試験召喚システム

https://github.com/KOU050223/BakaAndTestSummonTheBeasts

Next.js

Go

TypeScript

Ruby

PostgreSQL

学校のテストの点数が召喚獣になるクラス対抗バトルアプリ

ウオミー

Maaakia

NPC

るいるい

推しアイデア

学校のテストを「やらされるもの」から「点数を活かして遊びたい」というアイデア!

作った背景

バカとテストと召喚獣の試験召喚システムを再現したいと思ったから!

推し技術

型安全な開発!

プロジェクト詳細

試験召喚システムとは

「ここ文月学園は、世界初の特殊なシステムを導入した進学校である。」

というナレーションから始まるバカとテストと召喚獣という作品に登場するシステムです。 概要は学力試験の点数をそのまま自身の能力値を持つ「召喚獣」として可視化し、クラス同士の対戦(試験召喚戦争)を可能にするシステムです。 このプロダクトはこの試験召喚システムという作品内に出てくるものを現実で再現していくプロダクトです。

リンク

デプロイ Figma ドメイン(Wikipedia) デモ動画①試験作成から採点送信までのフロー デモ動画②試験召喚システム完成版 デモ動画③管理者画面

使用技術(選定理由)

フロントエンド

Next.js 16.2.9 React 19.2.4 TypeScript 5.9.3 TailwindCSS 4.3.0 TanStack Query 5.101.0 Zustand 5.0.14 Vitest 4.1.9 ReactThreeFiber @pixiv/three-vrm

バトル・3D描画のCSRと、認証・管理画面のSSRをページ単位で使い分けるためNext.js(App Router)を採用しました。

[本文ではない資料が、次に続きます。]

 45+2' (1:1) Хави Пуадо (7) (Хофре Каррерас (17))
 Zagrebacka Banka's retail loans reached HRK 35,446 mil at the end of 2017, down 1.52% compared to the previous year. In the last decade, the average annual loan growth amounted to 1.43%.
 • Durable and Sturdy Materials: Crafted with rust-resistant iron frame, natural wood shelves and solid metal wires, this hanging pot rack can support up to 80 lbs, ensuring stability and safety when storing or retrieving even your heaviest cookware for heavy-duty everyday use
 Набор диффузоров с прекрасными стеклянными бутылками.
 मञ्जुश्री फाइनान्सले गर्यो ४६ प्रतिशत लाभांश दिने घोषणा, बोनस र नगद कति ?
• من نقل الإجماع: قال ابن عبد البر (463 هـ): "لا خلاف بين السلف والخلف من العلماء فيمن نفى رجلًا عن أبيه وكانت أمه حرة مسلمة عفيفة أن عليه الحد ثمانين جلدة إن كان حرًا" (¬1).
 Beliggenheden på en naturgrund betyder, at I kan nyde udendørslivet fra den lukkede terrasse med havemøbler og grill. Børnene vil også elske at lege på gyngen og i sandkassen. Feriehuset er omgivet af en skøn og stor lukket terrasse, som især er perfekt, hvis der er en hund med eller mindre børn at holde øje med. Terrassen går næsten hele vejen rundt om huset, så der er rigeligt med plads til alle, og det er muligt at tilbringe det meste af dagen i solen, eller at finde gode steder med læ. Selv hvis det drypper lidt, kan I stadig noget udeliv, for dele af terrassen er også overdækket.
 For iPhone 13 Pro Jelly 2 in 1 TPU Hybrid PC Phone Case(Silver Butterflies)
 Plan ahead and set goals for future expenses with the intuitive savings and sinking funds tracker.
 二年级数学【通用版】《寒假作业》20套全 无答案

TypeScriptはOpenAPIスキーマから型を自動生成することでフロントとバックの型ズレをコンパイル時に防ぎ、TailwindCSSはゲームのダークテーマをユーティリティクラスで素早く構築するために採用しています。

サーバー状態の取得・キャッシュにはTanStack Query、バトルのリアルタイム状態管理には軽量なZustand、テストはNext.jsとの相性が良いVitestを採用しました。

バックエンド

Ruby 4.0.5 Ruby on Rails 8.1.3 Go 1.26.3

APIサーバーにはRuby on Railsを採用! 開発の流れ・形が決まっている分RESTAPIを作る速度は爆速だろうという理由で採用! また、開発経験が多いメンバー2名両方が触れるバックエンドの技術として上がったため属人化を避けるために採用しました。 DBマイグレーション・認証・ジョブキューなどの機能が揃っており、開発速度を重視した選択です。

リアルタイムのバトルロジックにはGoを採用しています。WebSocketを使った同時接続処理に強く、Railsより軽量で高速なため、ゲームのリアルタイム通信に適していると判断しました。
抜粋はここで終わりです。